Aufenthaltsrecht eines türkischen Staatsangehörigen wird nicht durch die Erteilung einer Arbeits- bzw. Aufenthaltserlaubnis begründet; vielmehr stehen ihm diese Rechte - wie die Revision zutreffend ausführt - unmittelbar aufgrund des ARB 1/80 unabhängig davon zu, ob die Behörden des Aufnahmemitgliedstaats diese Papiere ausstellen; für die Anerkennung dieser Rechte haben sie nur deklaratorische Bedeutung und Beweisfunktion; alle nationalen Behörden müssten diese Rechte, die unmittelbar durch Gemeinschaftsrecht gewährt werden, anerkennen (vgl. etwa EuGH 22.6.2000, Eyüp, C-65/98 , Rn. 45 bis 47, mit Hinweis auf weitere EuGH-Judikatur; VwGH Ro 2017/22/0015, Rn. 25). Umgekehrt kann jedoch ein türkischer Staatsangehöriger, dem ein Befreiungsschein ausgestellt wurde, obwohl er nicht die Voraussetzungen des Art. 6 Abs. 1 dritter Spiegelstrich ARB 1/80 erfüllt, daraus kein Aufenthaltsrecht ableiten (vgl. VwGH 28.8.2008, 2008/22/0271, mwN).

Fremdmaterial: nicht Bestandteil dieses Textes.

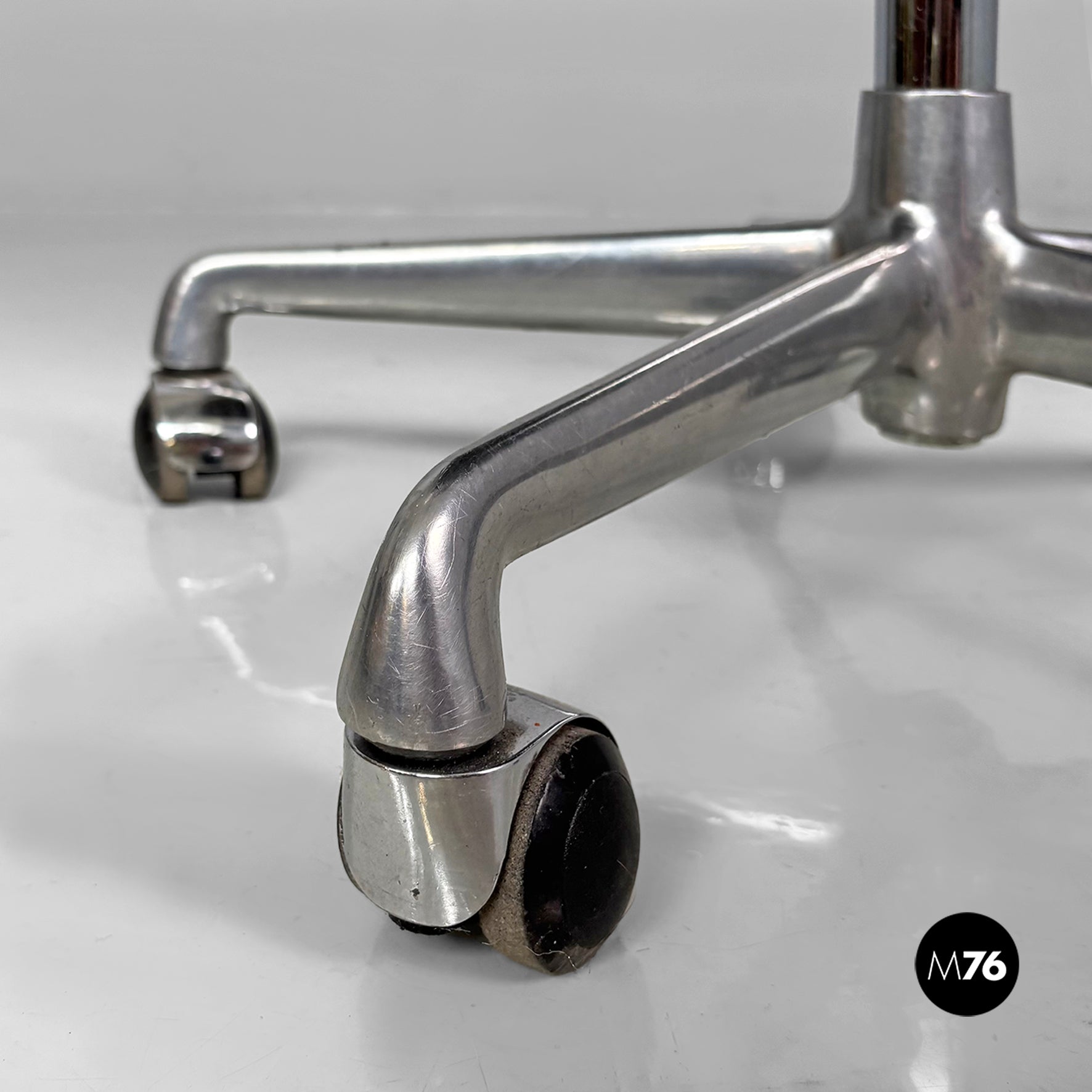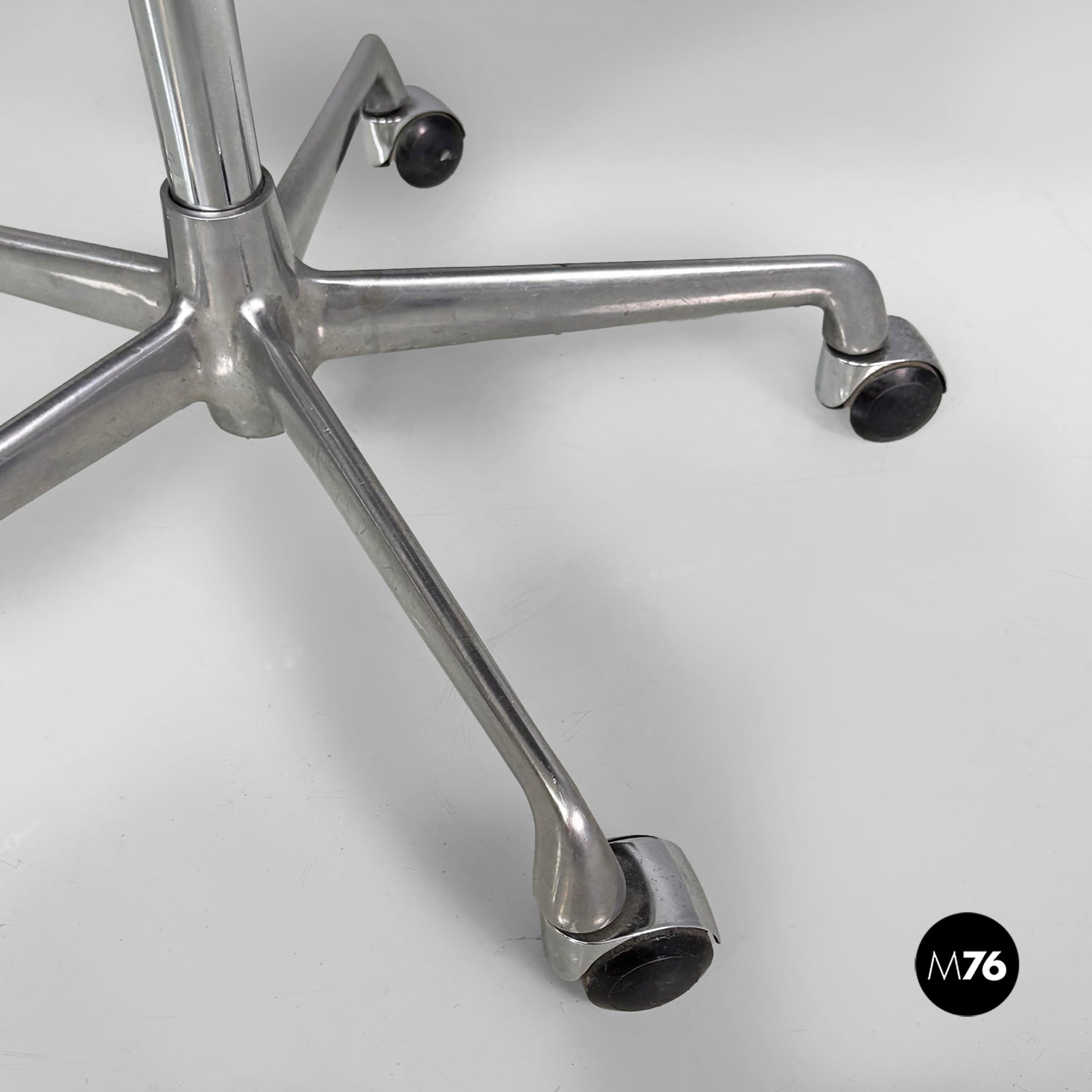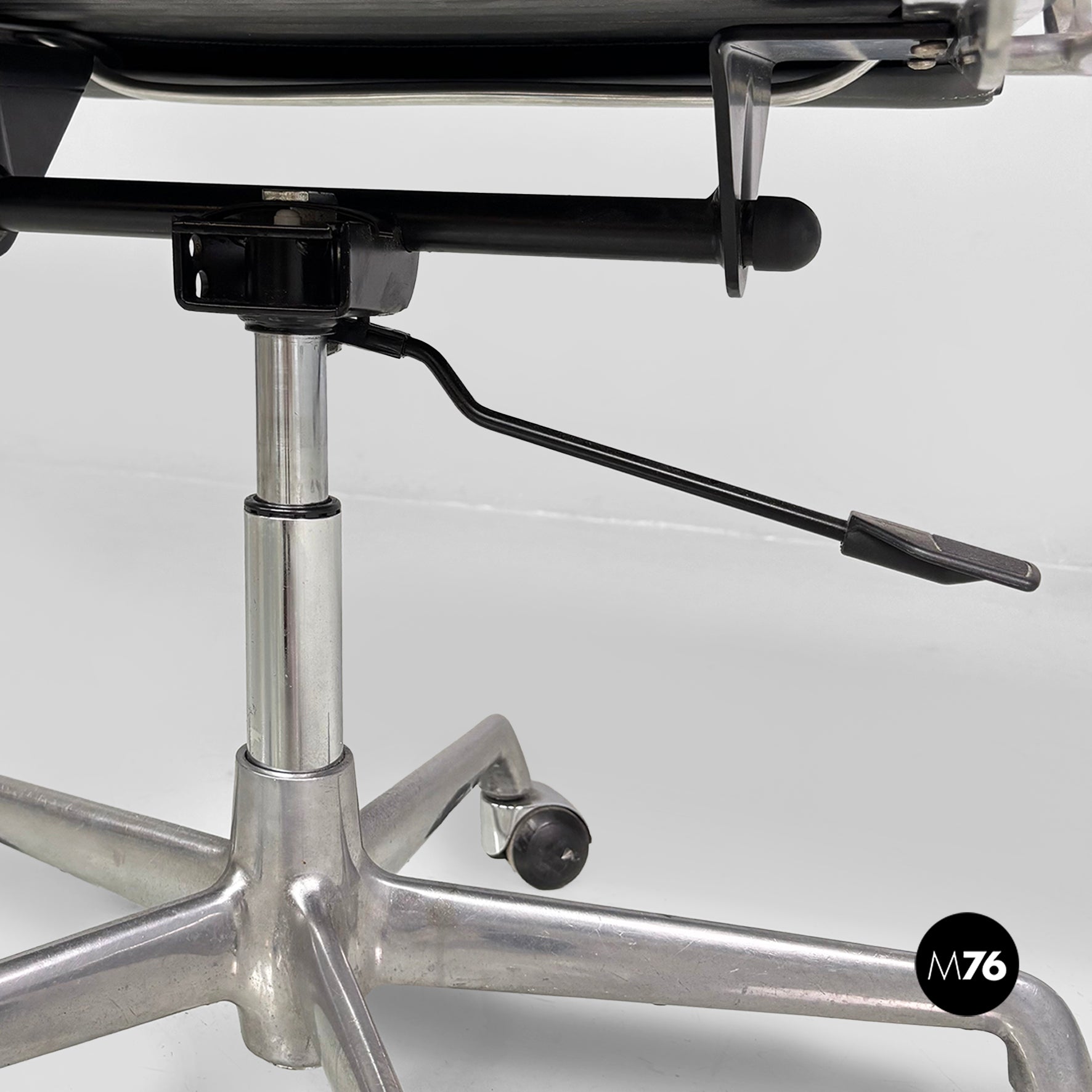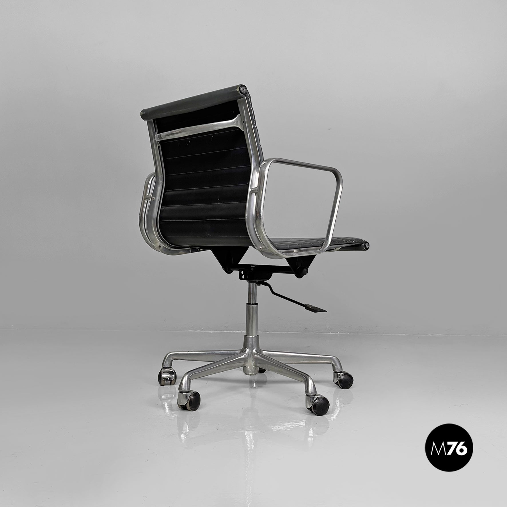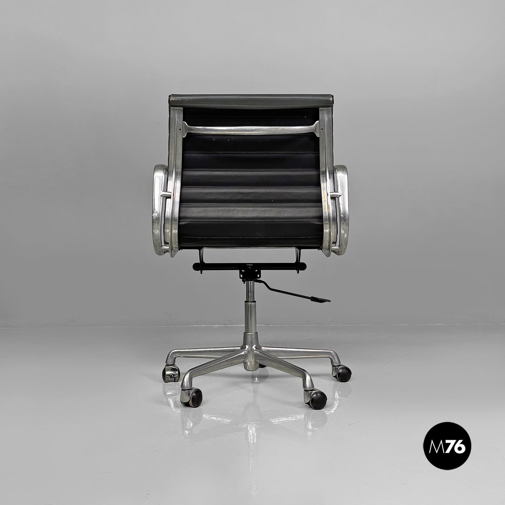 Pair of office chairs, model EA108 in metal and leather. The seat and backrest are upholstered in dark gray with horizontal stitching. The frame is made of silver-plated metal and features five spokes with rubber feet.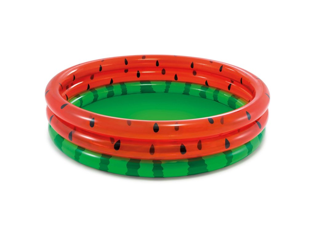 Piscina gonflabilă colorată Intex - este o piscină gonflabilă clasică, realizată din material de vinil rezistent, ale cărei pereți au fost creați din trei inele gonflabile stilizate pentru a semăna cu pepenele verde.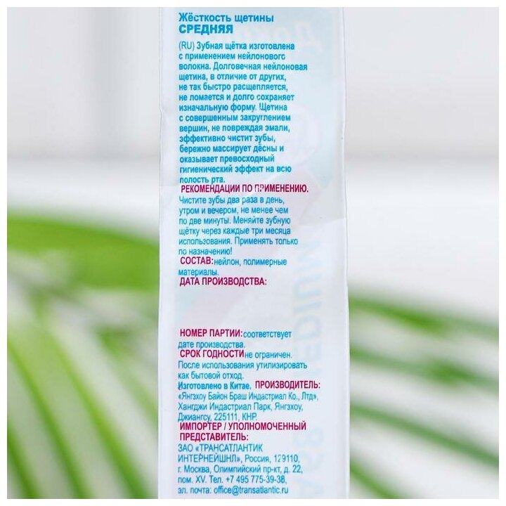 | Состав набора | зубная щетка, в ассортименте |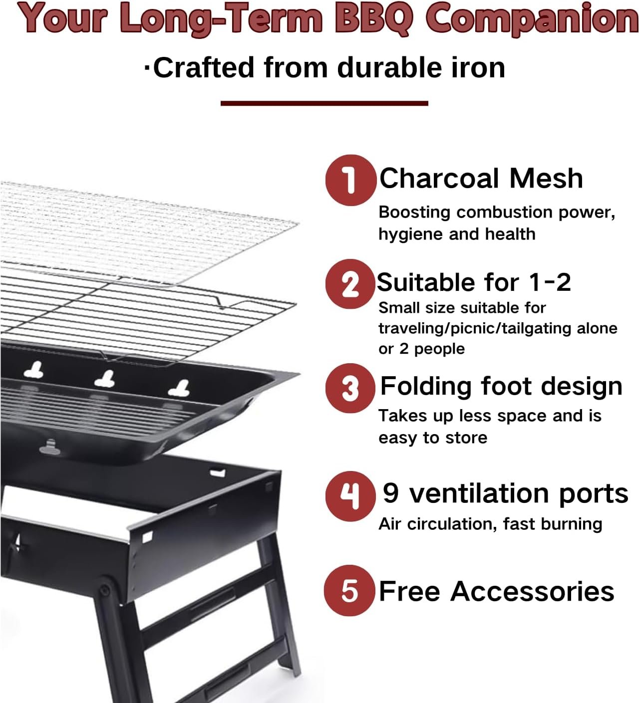 Authentic Smoky Flavor – Unlike gas or electric grills, this portable charcoal grill infuses every bite with that rich, smoky essence that only real charcoal can deliver. Ideal for small families or groups of 1–3, it’s your ticket to delicious outdoor cooking whether you’re camping, picnicking, or hosting a casual backyard gathering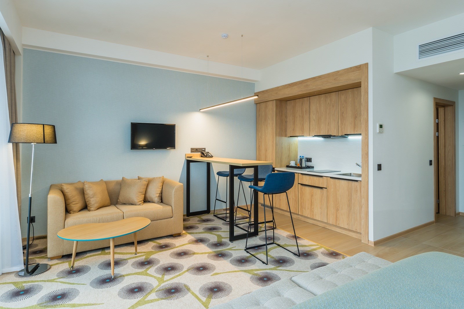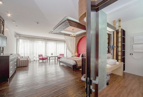 В номере: вешалка, зеркало, кровать двуспальная, кухонная мебель, прикроватные тумбочки, стол, стул, шкаф, кондиционер, мини-холодильник, плита электрическая, сейф, телевизор ЖК, утюг, чайный набор посуды, электрочайник
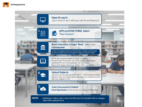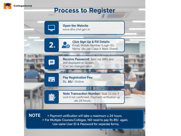 1. Open the Website www.dhe.chd.gov.in.Register on the website and then fill in the Applicant's details as in the Class-X mark sheet with Mobile Number of the Applicant will become his/her Login ID.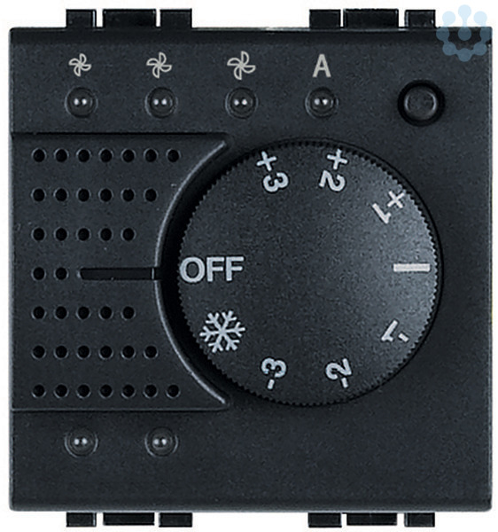 Raumthermostat für Fan-Coils mit Stellrad zum manuellen Veränder der Solltemperatur um ±3 °C, Frostschutz und Aus, Taste Lüftergeschwindigkeit, Messbereich 3–40 °C, Kontroll-LEDs für Betrieb, Lüftergeschwindigkeit und Heizen/Kühlen, Farbe: Anthrazit

Weder aus der zu Art. 6 ARB 1/80 ergangenen Judikatur des EuGH noch aus § 4c AuslBG ist im Hinblick auf die Beweisfunktion des ausgestellten Dokumentes ein Unterschied zwischen türkischen Staatsangehörigen, die die Voraussetzungen des Art. 6 Abs. 1 erster bzw. zweiter Spiegelstrich ARB 1/80 erfüllen und denen gemäß § 4c Abs. 1 AuslBG eine Beschäftigungsbewilligung auszustellen ist, und jenen, die gemäß Art. 6 Abs. 1 dritter Spiegelstrich ARB 1/80 iVm § 4c Abs. 2 AuslBG Anspruch auf Ausstellung eines Befreiungsscheines haben, zu erkennen (vgl. dazu die Ausführungen in VwGH 24.5.2017, Ra 2017/09/0014, Rn. 15). 10 Mit dem Hinweis auf § 30 Abs. 2 (gemeint wohl: 3) FrG 1997, wonach Drittstaatsangehörige, die auf Grund eines Staatsvertrages, eines Bundesgesetzes oder eines unmittelbar anwendbaren Rechtsaktes der Europäischen Union ein Bleiberecht genießen, nach Maßgabe dieses Staatsvertrages, Bundesgesetzes oder Rechtsaktes Anspruch auf Erteilung eines Einreise- oder Aufenthaltstitels haben, zeigt der Revisionswerber nicht auf, inwiefern er in seinem Recht auf Aufenthalt im Bundesgebiet - bzw. auf Zugang zum Arbeitsmarkt, was jedoch nicht Gegenstand eines Verfahrens nach dem NAG ist - schlechter gestellt sei; eine deklarative Bescheinigung kann nämlich keine Auswirkungen auf das Bestehen oder Nichtbestehen des zugrunde liegenden Rechtes haben. Der Verwaltungsgerichtshof sieht sich somit nicht zu einer Abkehr von seiner mittlerweile ständigen Judikatur (vgl. etwa

VwGH 13.12.2018, Ro 2018/22/0004 und Ro 2018/22/0009; 4.10.2018, Ra 2017/22/0056, Ra 2018/22/0038 und Ro 2018/22/0003; 1.10.2018, Ra 2018/22/0223; 6.9.2018, Ro 2018/22/0008; 3.9.2018, Ro 2017/22/0012; 28.2.2019, Ra 2018/22/0100) betreffend das Verhältnis von Ansprüchen aus Art. 6 ARB 1/80 und einem Antrag auf Erteilung einer "Rot-Weiß-Rot - Karte plus" veranlasst. 11 Die Revision war daher gemäß § 42 Abs. 1 VwGG als unbegründet abzuweisen.